Records excerpted from a collection
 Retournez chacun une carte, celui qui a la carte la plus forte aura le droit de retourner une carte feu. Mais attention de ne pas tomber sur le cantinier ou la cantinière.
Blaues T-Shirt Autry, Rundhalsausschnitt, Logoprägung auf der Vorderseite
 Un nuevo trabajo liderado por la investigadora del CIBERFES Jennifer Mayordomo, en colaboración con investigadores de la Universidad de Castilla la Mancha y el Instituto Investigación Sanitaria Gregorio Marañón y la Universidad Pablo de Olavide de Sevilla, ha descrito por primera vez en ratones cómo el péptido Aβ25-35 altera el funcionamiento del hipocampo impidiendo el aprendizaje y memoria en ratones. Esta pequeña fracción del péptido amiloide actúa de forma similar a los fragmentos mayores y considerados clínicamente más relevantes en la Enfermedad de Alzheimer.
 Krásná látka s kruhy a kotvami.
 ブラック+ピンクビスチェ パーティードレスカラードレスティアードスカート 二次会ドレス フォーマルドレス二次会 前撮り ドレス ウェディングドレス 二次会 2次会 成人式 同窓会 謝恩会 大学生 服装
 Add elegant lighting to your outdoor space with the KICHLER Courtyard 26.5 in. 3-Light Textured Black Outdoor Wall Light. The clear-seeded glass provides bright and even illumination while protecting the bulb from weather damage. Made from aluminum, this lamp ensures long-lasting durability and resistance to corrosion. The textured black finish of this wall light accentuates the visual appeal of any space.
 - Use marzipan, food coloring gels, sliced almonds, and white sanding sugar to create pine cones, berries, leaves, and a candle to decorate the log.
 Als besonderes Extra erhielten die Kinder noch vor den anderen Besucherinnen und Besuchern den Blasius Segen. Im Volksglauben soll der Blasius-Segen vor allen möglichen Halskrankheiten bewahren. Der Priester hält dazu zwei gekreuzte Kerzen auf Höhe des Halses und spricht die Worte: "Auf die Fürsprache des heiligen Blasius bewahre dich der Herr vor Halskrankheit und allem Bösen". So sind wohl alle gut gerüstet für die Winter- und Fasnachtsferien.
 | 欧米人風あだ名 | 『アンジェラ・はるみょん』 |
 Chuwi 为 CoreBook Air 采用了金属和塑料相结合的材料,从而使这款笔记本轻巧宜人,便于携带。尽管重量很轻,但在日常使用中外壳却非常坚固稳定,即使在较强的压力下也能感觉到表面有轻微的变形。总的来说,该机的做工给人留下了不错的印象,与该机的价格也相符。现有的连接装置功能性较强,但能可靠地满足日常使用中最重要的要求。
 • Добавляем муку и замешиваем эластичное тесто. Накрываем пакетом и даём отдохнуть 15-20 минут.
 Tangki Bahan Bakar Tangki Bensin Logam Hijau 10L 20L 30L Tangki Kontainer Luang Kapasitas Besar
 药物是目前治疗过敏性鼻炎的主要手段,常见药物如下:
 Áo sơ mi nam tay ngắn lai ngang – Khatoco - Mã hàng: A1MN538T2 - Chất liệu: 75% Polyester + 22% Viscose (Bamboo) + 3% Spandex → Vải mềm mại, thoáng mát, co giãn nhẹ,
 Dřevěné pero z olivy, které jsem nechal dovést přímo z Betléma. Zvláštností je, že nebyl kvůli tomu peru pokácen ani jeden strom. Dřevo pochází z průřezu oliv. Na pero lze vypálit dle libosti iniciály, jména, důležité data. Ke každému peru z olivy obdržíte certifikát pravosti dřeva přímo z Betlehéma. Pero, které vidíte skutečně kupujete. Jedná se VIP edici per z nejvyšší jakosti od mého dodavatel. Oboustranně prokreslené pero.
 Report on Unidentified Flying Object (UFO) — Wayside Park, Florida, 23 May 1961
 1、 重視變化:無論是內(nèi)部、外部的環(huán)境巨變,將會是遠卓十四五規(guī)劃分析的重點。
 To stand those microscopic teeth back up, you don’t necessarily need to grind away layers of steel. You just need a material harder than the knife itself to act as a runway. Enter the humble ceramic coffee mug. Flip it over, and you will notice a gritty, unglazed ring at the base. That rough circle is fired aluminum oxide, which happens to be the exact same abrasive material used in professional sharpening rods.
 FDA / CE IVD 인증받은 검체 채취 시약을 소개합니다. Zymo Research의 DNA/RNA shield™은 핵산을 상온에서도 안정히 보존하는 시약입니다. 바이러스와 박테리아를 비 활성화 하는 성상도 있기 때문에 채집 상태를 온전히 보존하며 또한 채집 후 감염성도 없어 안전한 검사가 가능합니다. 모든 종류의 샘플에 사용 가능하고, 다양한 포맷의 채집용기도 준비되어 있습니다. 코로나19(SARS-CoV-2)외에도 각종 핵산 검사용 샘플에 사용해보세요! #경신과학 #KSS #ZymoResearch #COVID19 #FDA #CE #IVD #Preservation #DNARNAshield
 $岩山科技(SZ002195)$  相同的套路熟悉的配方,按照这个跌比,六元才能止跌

Problem to work on >>
When you reach the line holding "Chuwi 为 CoreBook" in the records above, begin reproducing exactly, stop after the line holding "Áo sơ mi nam", and output nothing else.

Expected answer >>
 Chuwi 为 CoreBook Air 采用了金属和塑料相结合的材料,从而使这款笔记本轻巧宜人,便于携带。尽管重量很轻,但在日常使用中外壳却非常坚固稳定,即使在较强的压力下也能感觉到表面有轻微的变形。总的来说,该机的做工给人留下了不错的印象,与该机的价格也相符。现有的连接装置功能性较强,但能可靠地满足日常使用中最重要的要求。
 • Добавляем муку и замешиваем эластичное тесто. Накрываем пакетом и даём отдохнуть 15-20 минут.
 Tangki Bahan Bakar Tangki Bensin Logam Hijau 10L 20L 30L Tangki Kontainer Luang Kapasitas Besar
 药物是目前治疗过敏性鼻炎的主要手段,常见药物如下:
 Áo sơ mi nam tay ngắn lai ngang – Khatoco - Mã hàng: A1MN538T2 - Chất liệu: 75% Polyester + 22% Viscose (Bamboo) + 3% Spandex → Vải mềm mại, thoáng mát, co giãn nhẹ,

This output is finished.